INPUT:

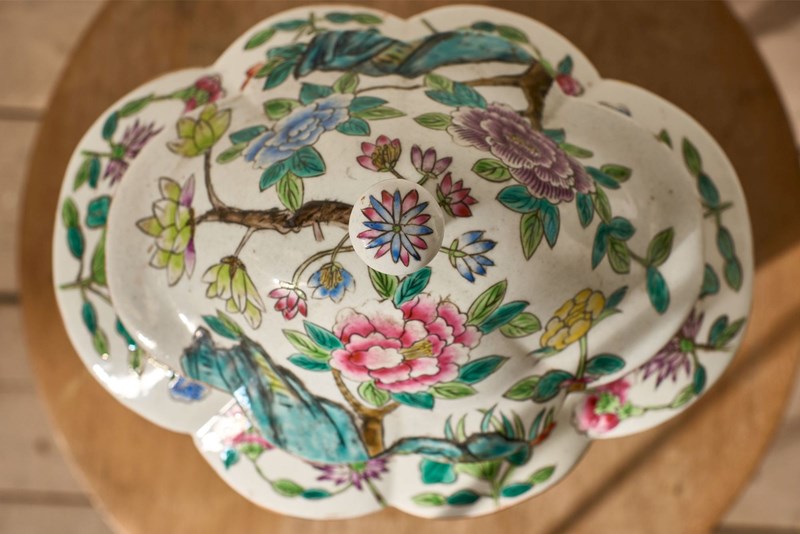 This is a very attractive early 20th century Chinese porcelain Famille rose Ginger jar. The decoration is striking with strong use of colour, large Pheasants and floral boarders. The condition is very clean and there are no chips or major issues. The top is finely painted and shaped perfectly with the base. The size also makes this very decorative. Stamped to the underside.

...

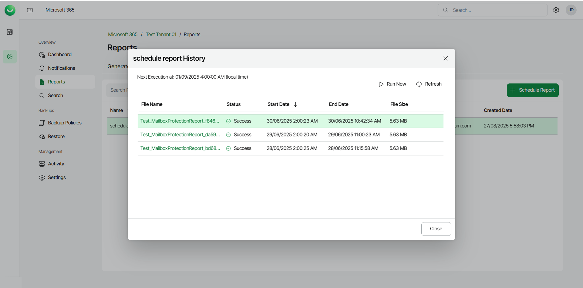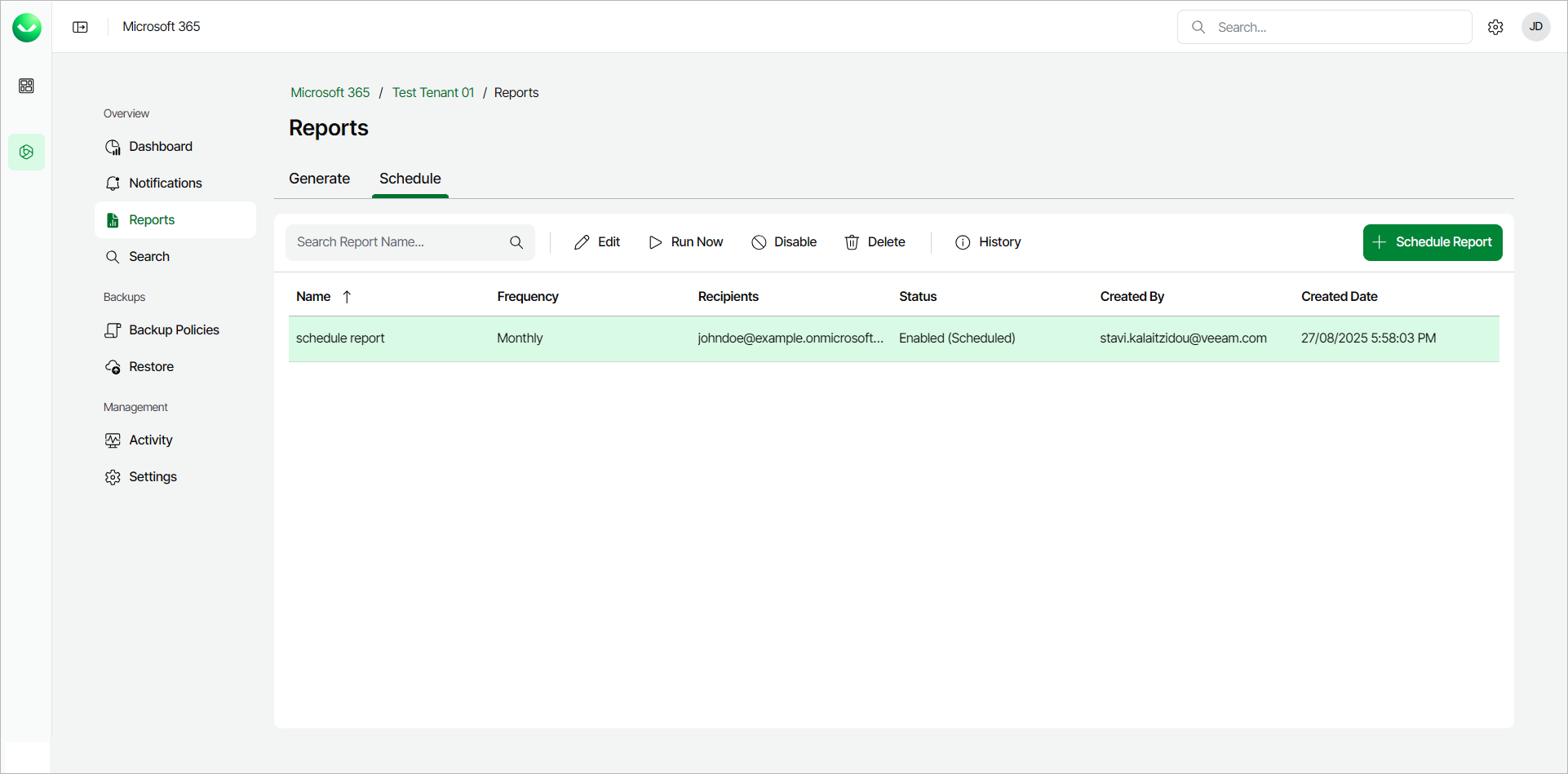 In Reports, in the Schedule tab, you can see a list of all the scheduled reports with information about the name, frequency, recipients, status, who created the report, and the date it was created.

==

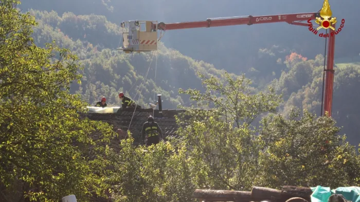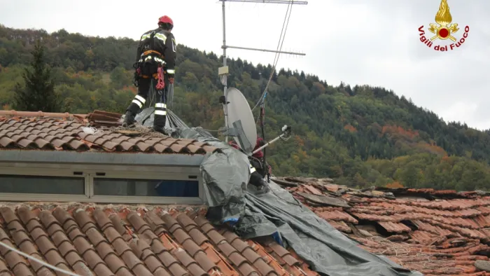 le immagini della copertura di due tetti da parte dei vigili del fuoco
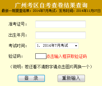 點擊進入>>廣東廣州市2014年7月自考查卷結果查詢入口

EXERCISE: Copy only these lines from the records above, exactly: the one with "le immagini della", the one with "點擊進入>>廣東廣州市2014年7月自考查卷結果查詢入口", and those between. Skip the pictures.

RESULT BELOW:
 le immagini della copertura di due tetti da parte dei vigili del fuoco
 點擊進入>>廣東廣州市2014年7月自考查卷結果查詢入口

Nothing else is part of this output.